Pictures in the material below are to be left out, and only the lines from the line with "Beautiful woman has" up to and including the line with "Москва. 23 мая." are to be written out exactly.

• Excerpted records:
[Start of section]
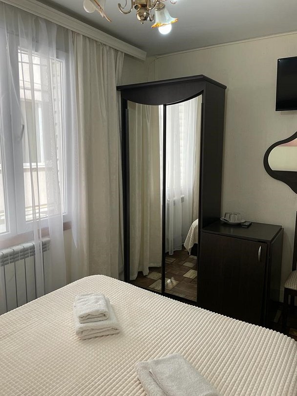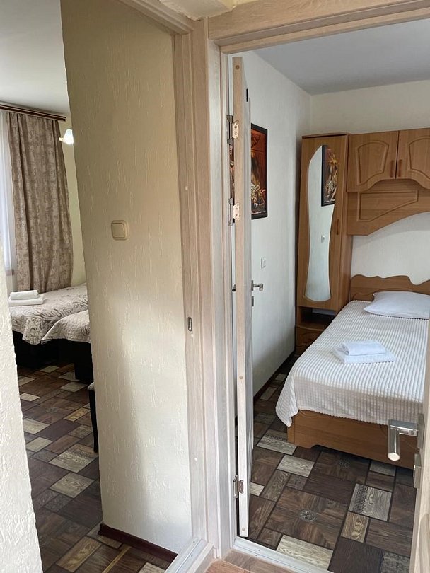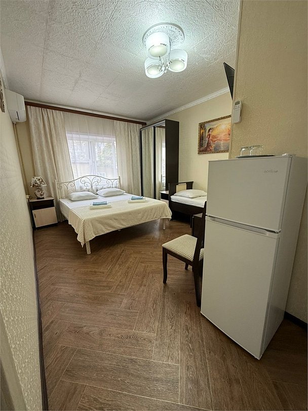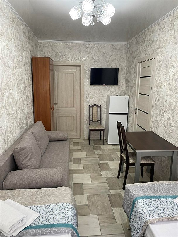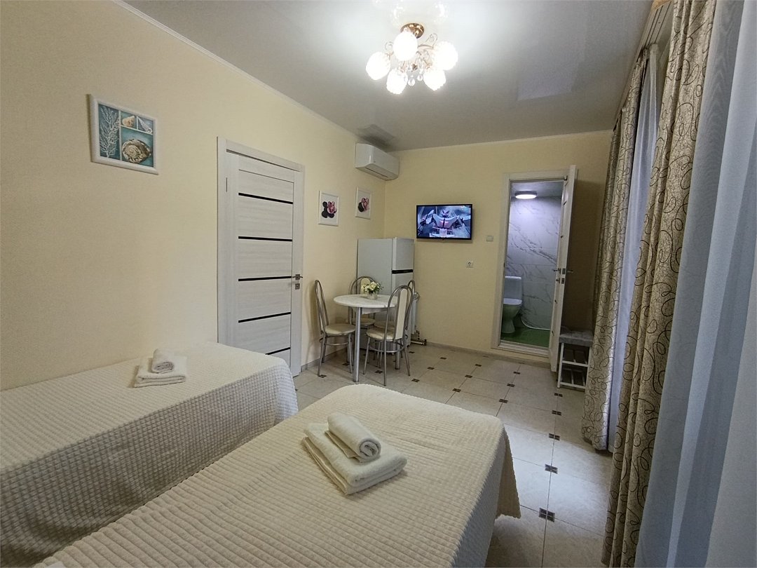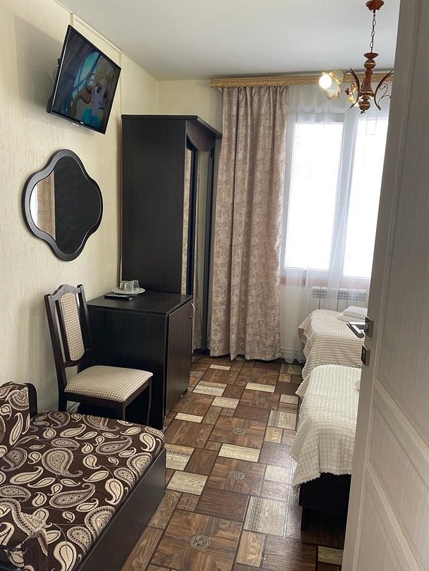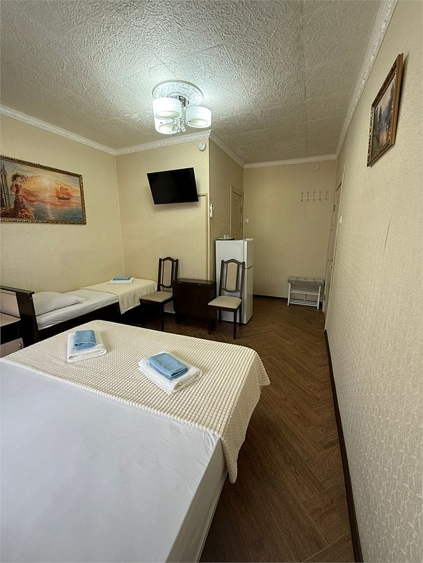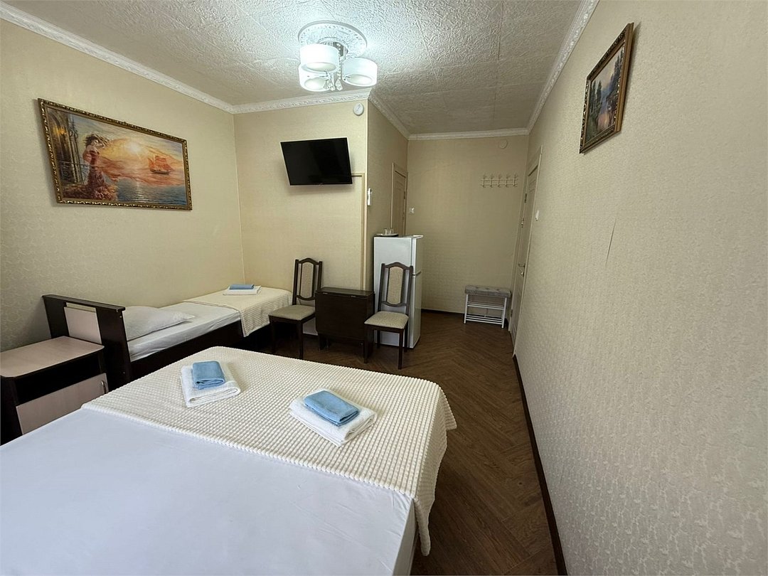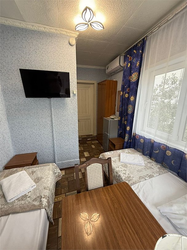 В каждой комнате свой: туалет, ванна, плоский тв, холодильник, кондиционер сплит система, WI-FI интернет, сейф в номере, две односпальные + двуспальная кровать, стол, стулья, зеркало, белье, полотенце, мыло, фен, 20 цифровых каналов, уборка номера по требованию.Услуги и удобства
[End of section]
[Start of section]
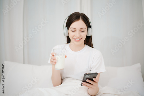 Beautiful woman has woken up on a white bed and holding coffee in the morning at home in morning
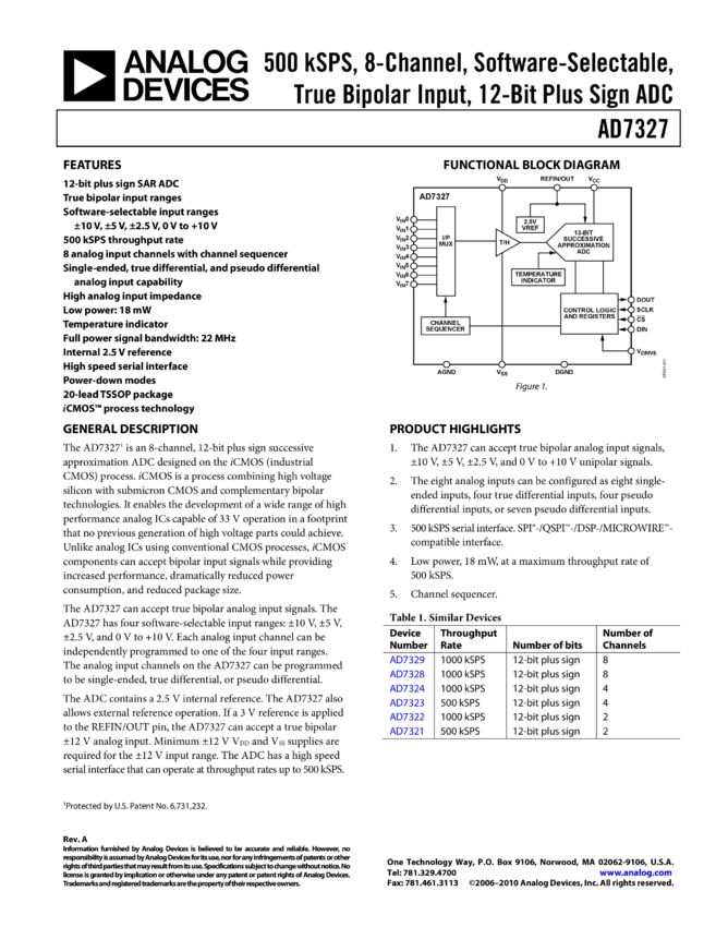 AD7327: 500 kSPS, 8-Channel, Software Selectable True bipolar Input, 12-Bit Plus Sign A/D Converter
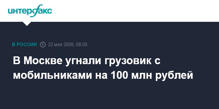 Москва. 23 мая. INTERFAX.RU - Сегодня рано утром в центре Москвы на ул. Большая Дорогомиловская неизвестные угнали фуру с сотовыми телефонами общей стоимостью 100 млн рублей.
[End of section]
• Finished task:
 Beautiful woman has woken up on a white bed and holding coffee in the morning at home in morning
 AD7327: 500 kSPS, 8-Channel, Software Selectable True bipolar Input, 12-Bit Plus Sign A/D Converter
 Москва. 23 мая. INTERFAX.RU - Сегодня рано утром в центре Москвы на ул. Большая Дорогомиловская неизвестные угнали фуру с сотовыми телефонами общей стоимостью 100 млн рублей.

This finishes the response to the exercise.